You may use the Service to exercise many of the rights listed above. You may also make a request by email at enquiries@mypassglobal.com or through the website chat enquiry form. In most cases, you will be required to provide your name and possibly your postal address, email address, telephone number, and date of birth so that we can verify your request. In some cases, additional information may be required. However, the verification steps we take may differ depending on the request.

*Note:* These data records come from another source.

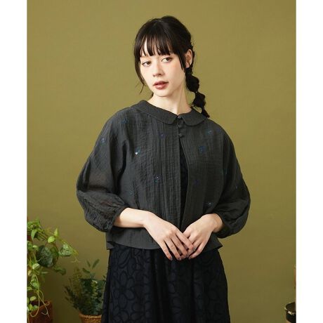 刺繍が大人かわいいブラウスライクなジャケット。たっぷりとした分量感とドルマンスリーブで夏場も涼しく着られるシルエットです。全体に施されたお花や植物の刺繍が、コーディネートに華やかさをプラス。首元にあしらったボタンがアクセントに。ふんわりスリーブで涼しく体型カバーを叶えます。衿付きデザインで日常使いからお出かけまで幅広く着まわせる一枚です。※GJJHA51250のリピート商品です。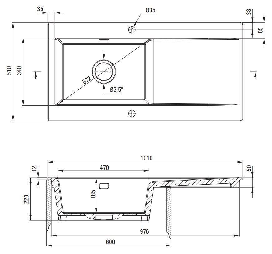 - rozměry: délka 1010 mm, šířka 510 mm a výška 220 mm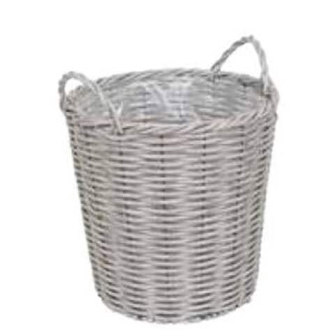 | 持ち手付きのプランターカバーです。内側にビニールが付いているので観葉植物の土で汚れたり水で濡れたりすることを防ぐことができます。 |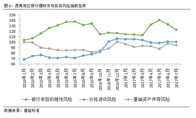 7月,西南地区由银行承担的隐性风险指数环比下滑0.63点至100.44点;价格波动风险环比下滑9.81点至122.78点;基础资产传导的风险指数环比下滑3.05点至94.56点。2017年西南地区银行贯彻审慎经营的思路,整体发展更为稳健,促使银行承担的隐性风险维持在低位,随着金融监管的持续升级,预计该风险将长期维持低位振荡的表现。自6月资金面紧张局面有所缓和后,银行理财资金成本有所回落,理财产品定价空间相对更大,产品端与资产端收益倒挂的压力降低,价格波动风险也随之回落。对于基础资产传导风险而言,在债市经历了三个季度调整逐步企稳后,基础资产传导风险也随之下滑。随着银行在合规经营和业务转型上的不断推进,西南地区银行理财风险指数或将持续降低,促使该地区理财业务稳步发展。

Where possible, we will attempt to match the information that you provide in your request to information we already have on file to verify your identity. If we can verify your request, we will process it. If we cannot verify your request, we may ask you for additional information to help us do so. We will respond to your request within the 45-day time period required by applicable law. However, we may not always be able to fully comply with your request, and we will notify you in that event.

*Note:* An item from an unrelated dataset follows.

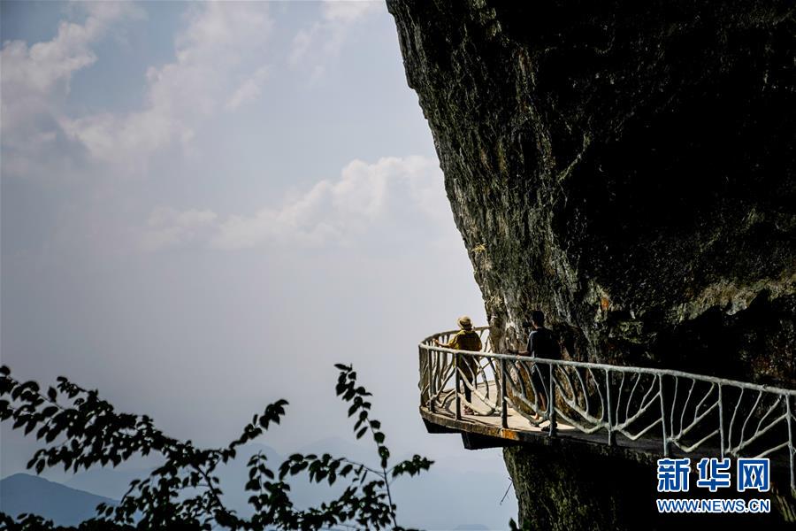 游客在重慶金佛山風景區(qū)內(nèi)的絕壁棧道上游覽體驗(8月20日攝)。 新華社記者 劉潺 攝

Under the CCPA, California consumers may use an authorised agent to make privacy rights requests. We require the authorised agent to provide us with proof of the California consumer’s written permission (for example, a power of attorney) that demonstrates authorisation to submit a request for the California consumer.
An authorised agent must follow the process described above to make a request, and we will also (a) require the authorised agent to verify the agent’s own identity and (b) confirm the agent’s authority with the California consumer about whom the request was made.
As we evolve our business, processes and policies will be reviewed and may be revised. We may change our Privacy Policy from time to time and the updated version will be published on our website. If we make any material changes, we will provide notice through the Service or by other methods.
By continuing to use our Services, you agree to be bound by the Privacy Policy as amended.
We are committed to constantly improving our procedures so that personal information is treated appropriately. If you feel that we have failed to deal with your personal information in accordance with this Privacy Policy or in accordance with the Australian Privacy Principles set out in the Australia Privacy Act or the Information Privacy Principles set out in the New Zealand Privacy Act (as applicable), please contact us at privacy@mypassglobal.com so we have an opportunity to resolve the issue to your satisfaction.
We will log your complaint and, within a reasonable time, our privacy officer will:
• listen to your concerns and grievances;
• discuss with you the ways in which we can remedy the situation; and
• put in place an action plan to resolve your complaint and improve our information handling procedures if appropriate.
If you are based in Australia and are unhappy with our response, you can lodge a written complaint with the Office of the Australian Information Commissioner at:
Office of the Australian Information Commissioner (OAIC)
GPO Box 5218
Sydney NSW 1042
email: privacy@privacy.gov.au
If you require more detailed information about our information handling practices or if you have any concerns about our handling of your personal information, please let us know by contacting us at:
Privacy Officer
MyPass Australia Pty Ltd.
Email: privacy@mypassglobal.com
We will endeavour to respond to your concerns as quickly as possible.